La dernière revue destinée à défendre le jansénisme au XIXe siècle est L'Observateur catholique. Celui-ci paraît de 1855 à 1864. Il est d'abord animé par d'anciens rédacteurs de la Revue ecclésiastique, rejoints rapidement par un prêtre au caractère affirmé, défenseur du gallicanisme et pourfendeur des jésuites : Wladimir Guettée. L'Observateur catholique est une revue au ton polémique affirmé, qui détaille dans ses colonnes ce qu'il considère comme les errements de l'Église de France. Les échanges avec L'Univers de Louis Veuillot sont rudes. La revue crée également un scandale en 1856 en commentant longuement et durement chacun des cours sur Port-Royal et le jansénisme donnés à la faculté de théologie par le jeune abbé Charles Lavigerie, jusqu'à ce que celui-ci finisse par renoncer à son cours au bout de deux ans[g 25]. La revue cessera de paraître dans une certaine confusion, lorsque l'abbé Guettée se convertit à l'orthodoxie en 1861.

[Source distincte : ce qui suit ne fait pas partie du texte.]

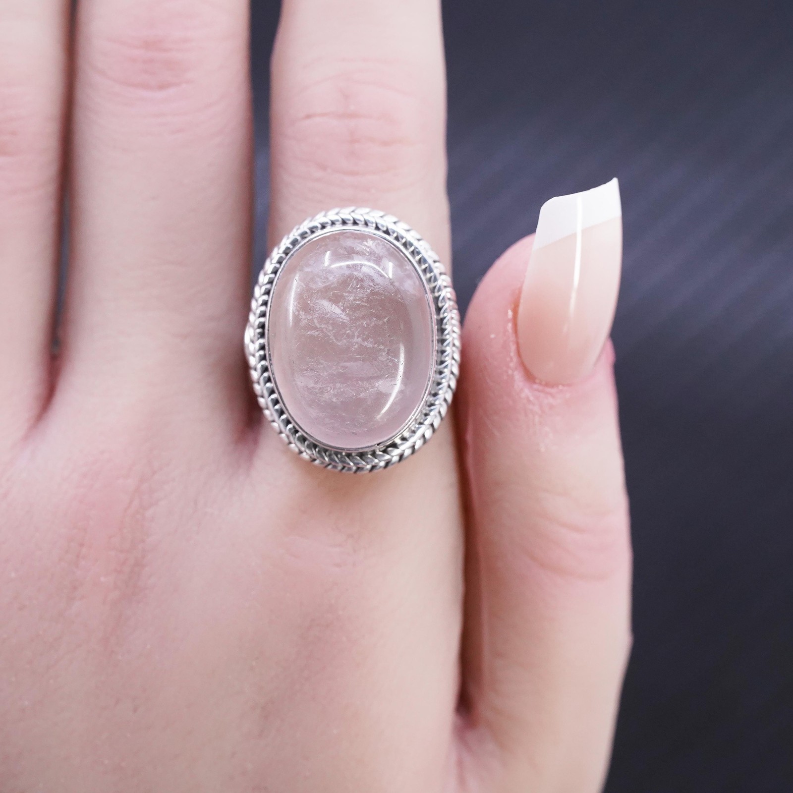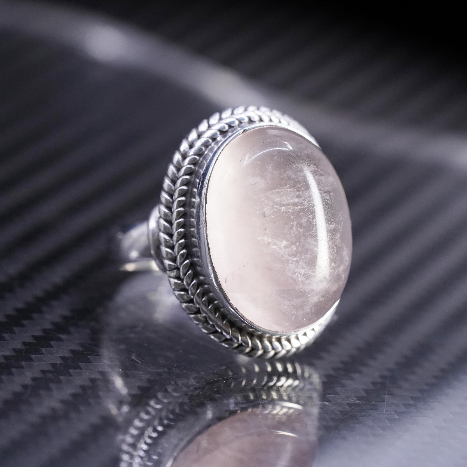 Size 8.25, vintage sterling silver 925 statement oval ring pink rose quartz

Mais le jansénisme au XIXe siècle est également une posture, un qualificatif alloué à certains politiques ou intellectuels représentant une rigueur morale et un attachement aux principes gallicans. C'est ainsi qu'un certain nombre de parlementaires de la Restauration, de la monarchie de Juillet ou de la Troisième République sont fréquemment associés au jansénisme, comme Pierre-Paul Royer-Collard, Victor Cousin ou Jules Dufaure[g2 3].
Au XXe siècle, à l'instar de Gustave Flaubert qui écrit dans son Dictionnaire des idées reçues : « Jansénisme : on ne sait pas ce que c'est, mais il est chic d'en parler », le qualificatif de « janséniste » est le plus souvent accolé à des personnalités n'ayant d'autre trait en commun avec les jansénistes du XVIIe siècle qu'une rigueur et une austérité qu'on remarque : Lionel Jospin est ainsi décrit comme représentant « la démocratie janséniste, exigeante, rigoureuse »[64], tandis que le torero José Tomas est qualifié de « janséniste de l'arène, l'incorruptible de la muleta » par Télérama[65].